Exceptions to Section 33EEC
The section does not apply to Vedas and Hakims who manufacture Ayurvedic, Siddha, or Unani drugs for the use of their patients. Additionally, manufacturing small quantities of any Ayurvedic, Siddha, or Unani drug for examination, test, or analysis is exempted, subject to prescribed conditions. Patent or proprietary medicines within the Ayurvedic system refer to formulations that exclusively contain ingredients listed in the formulae outlined in the authoritative books of Ayurveda specified in the First Schedule of the Drugs and Cosmetics Act. However, this category excludes medicines administered via parenteral routes.
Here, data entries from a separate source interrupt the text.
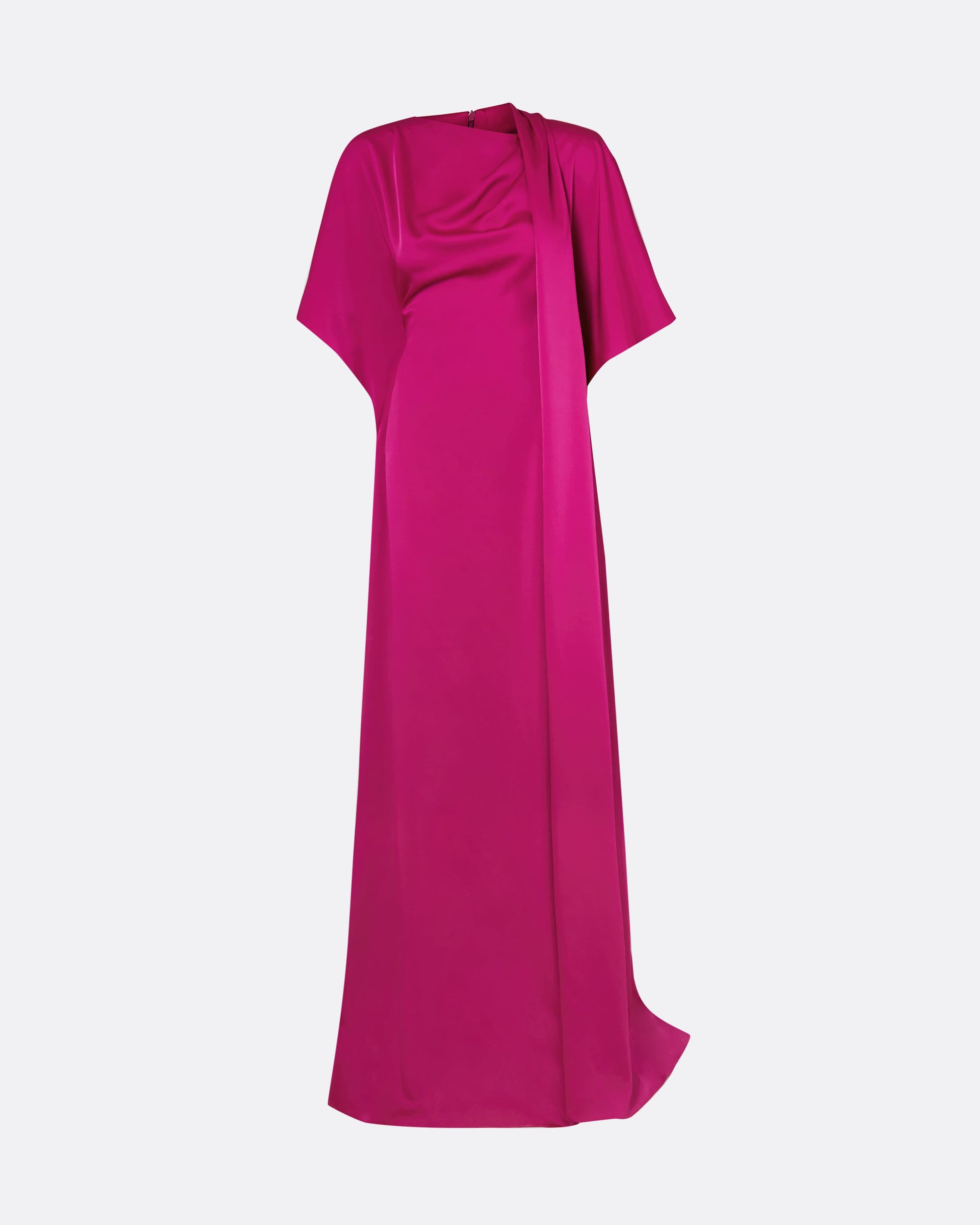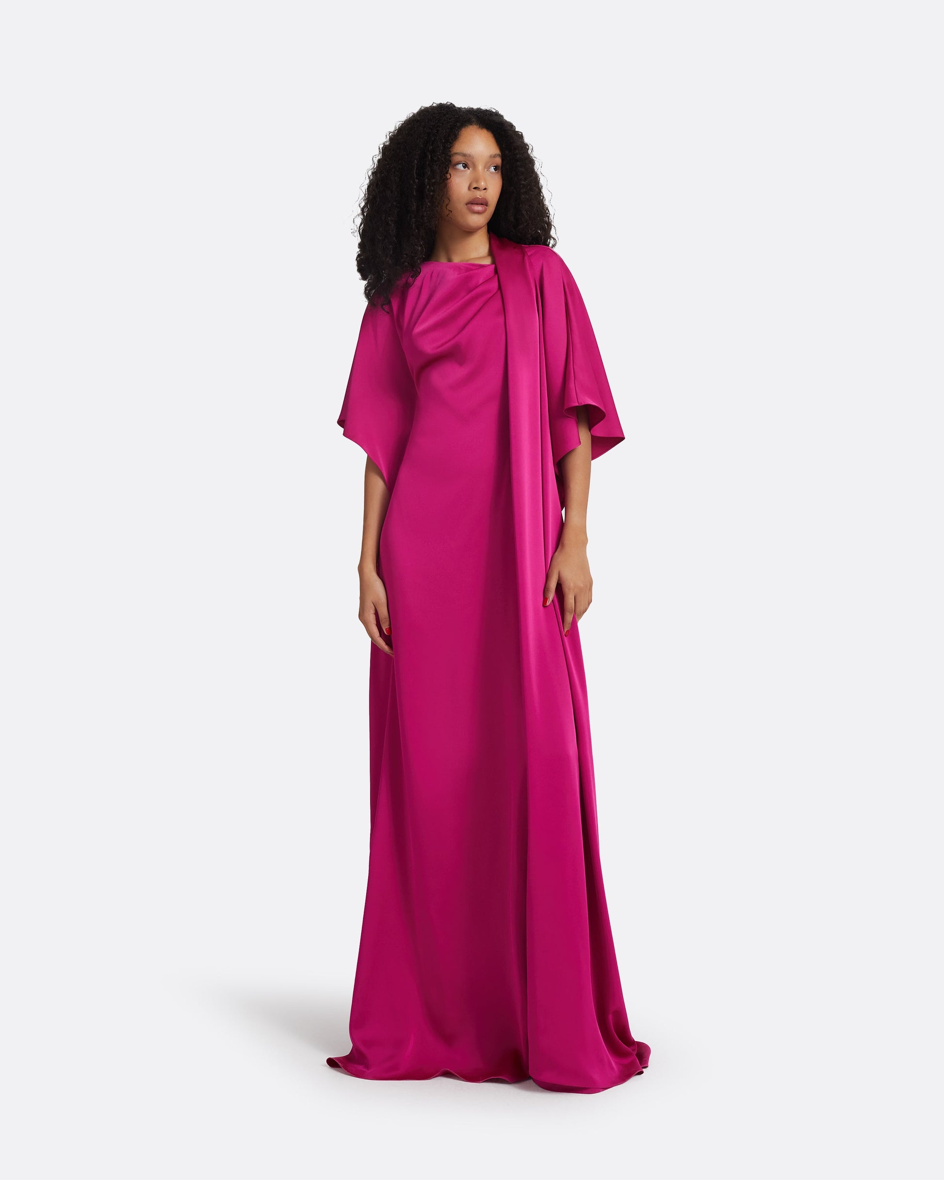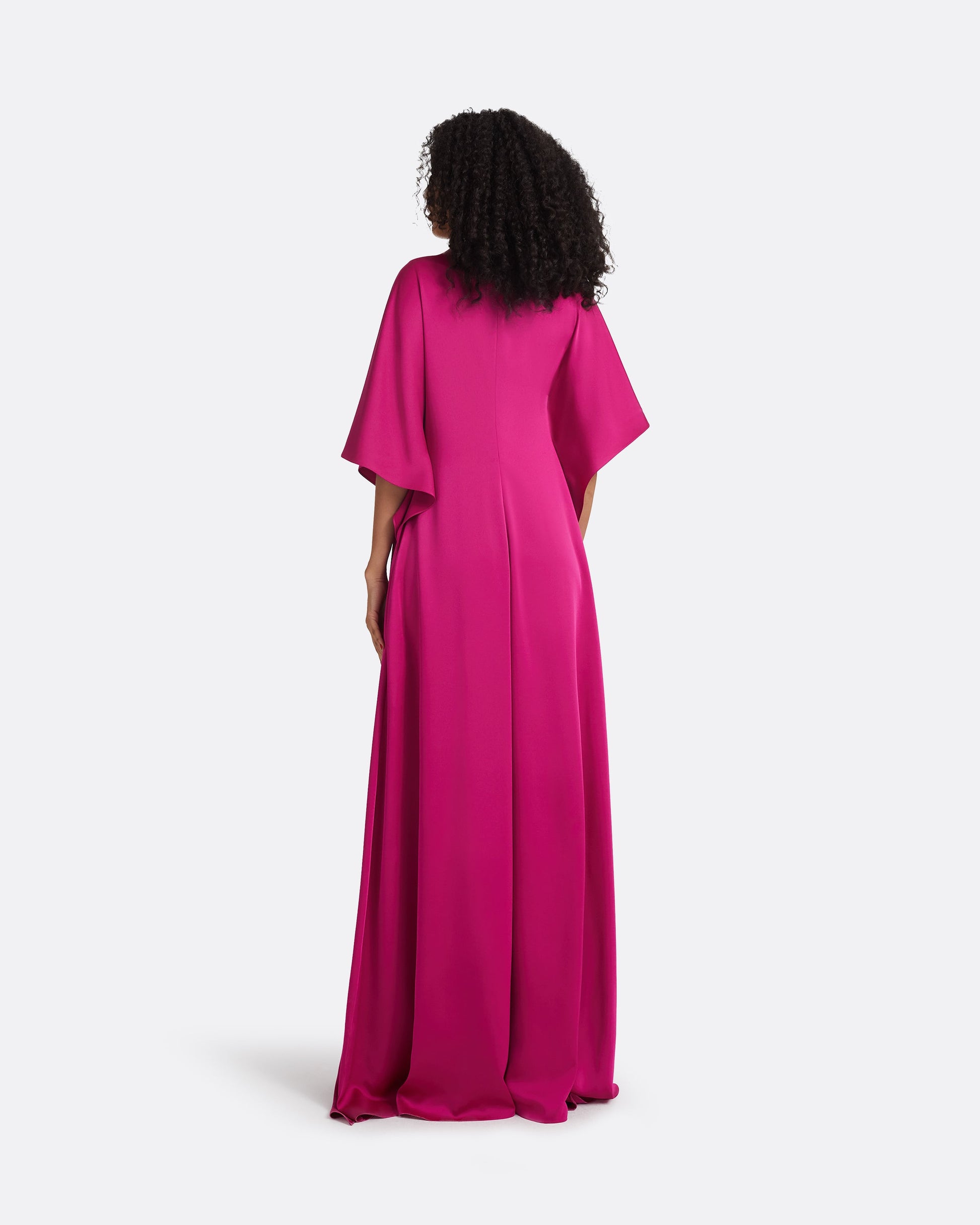 Flowing, kaftan style gown with scarf detail in granita Light Satin Back Crepe.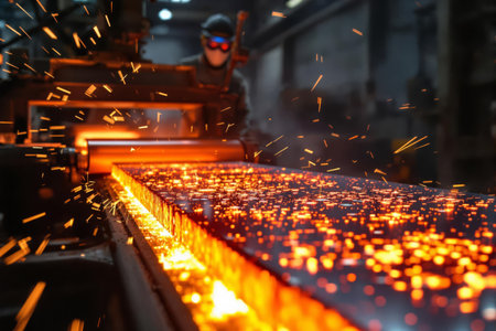 Metal Processing Sparks. A worker in protective gear oversees molten metal being processed, surrounded by flying sparks and glowing materials.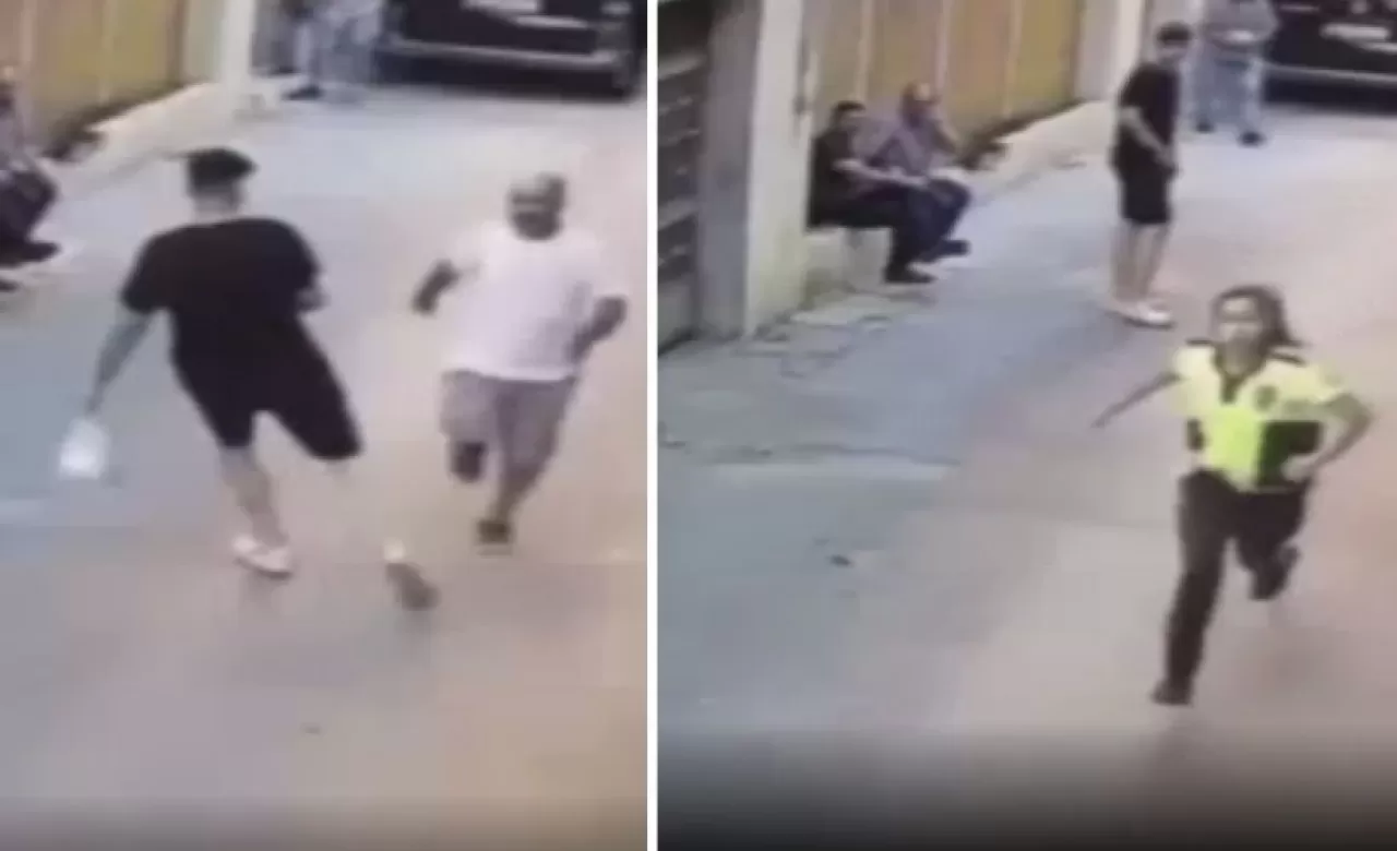 Polislere yardım etmek isteyen bir vatandaş, şüpheliyi çelmeleyerek yere düşürdü. Bu müdahale sonucu şahıs, polis ekipleri tarafından kolayca yakalanıp gözaltına alındı. O anlar, civardaki bir işyerinin güvenlik kamerası tarafından kaydedildi.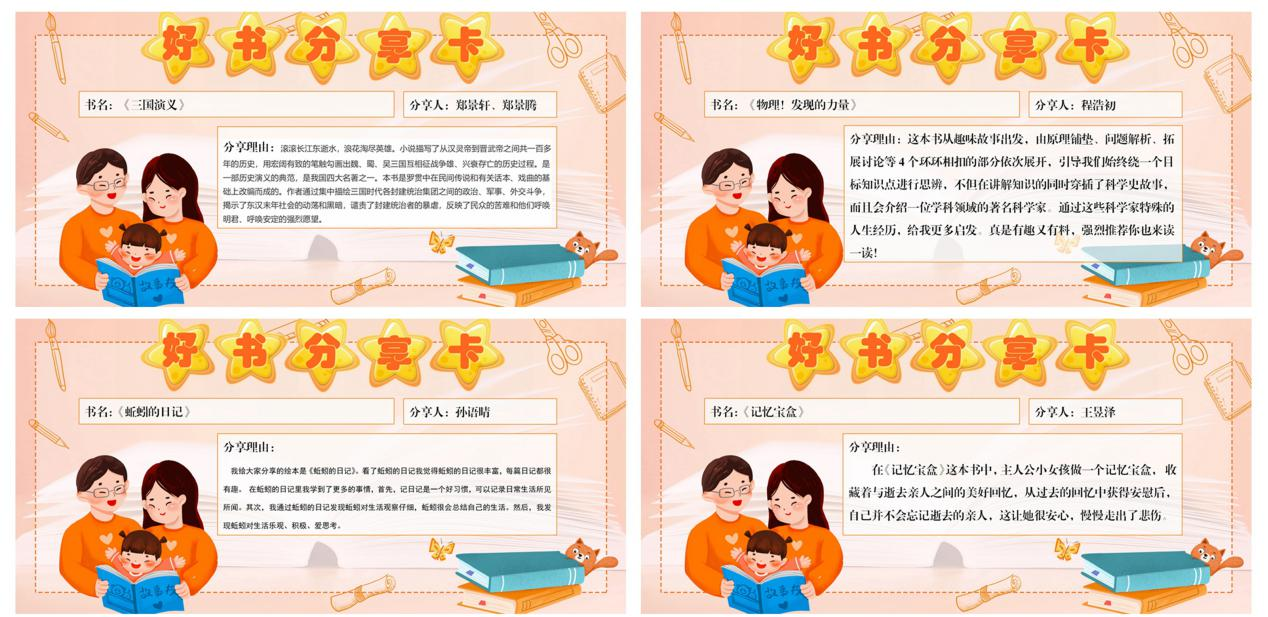 力量》、《蚯蚓的日记》……,并与家长共同填写“好书分享卡”。一本本故事书拉进了父母与孩子的距离,在启

Certification Provides for AYUSH Drugs
The provision for Good Manufacturing Practices (GMP) Certification of AYUSH drugs is mentioned in Section 152 of the Drugs and Cosmetics Act. The State licensing authorities supervise the process according to Rule 155-B of the Drugs and Cosmetics Rule, 1945. Additionally, WHO guidelines for certification of pharmaceutical products also apply to AYUSH drugs. It is overseen by the Office of Drugs Controller General of India. Besides these institutional certifications, AYUSH medicines are also applicable for a voluntary certification implemented by the Quality Council of India.
Conclusion
The regulatory framework for AYUSH drugs favour their promotion as traditional medicine. This is reflected in their exclusive definition, distinct regulatory framework, and reduced licensing requirements under the Drugs and Cosmetics Act. However, their efficiency is put to the test through various national, international, and voluntary certifications under Institutions like the State Government, Drugs Controller General, and Quality Council of India.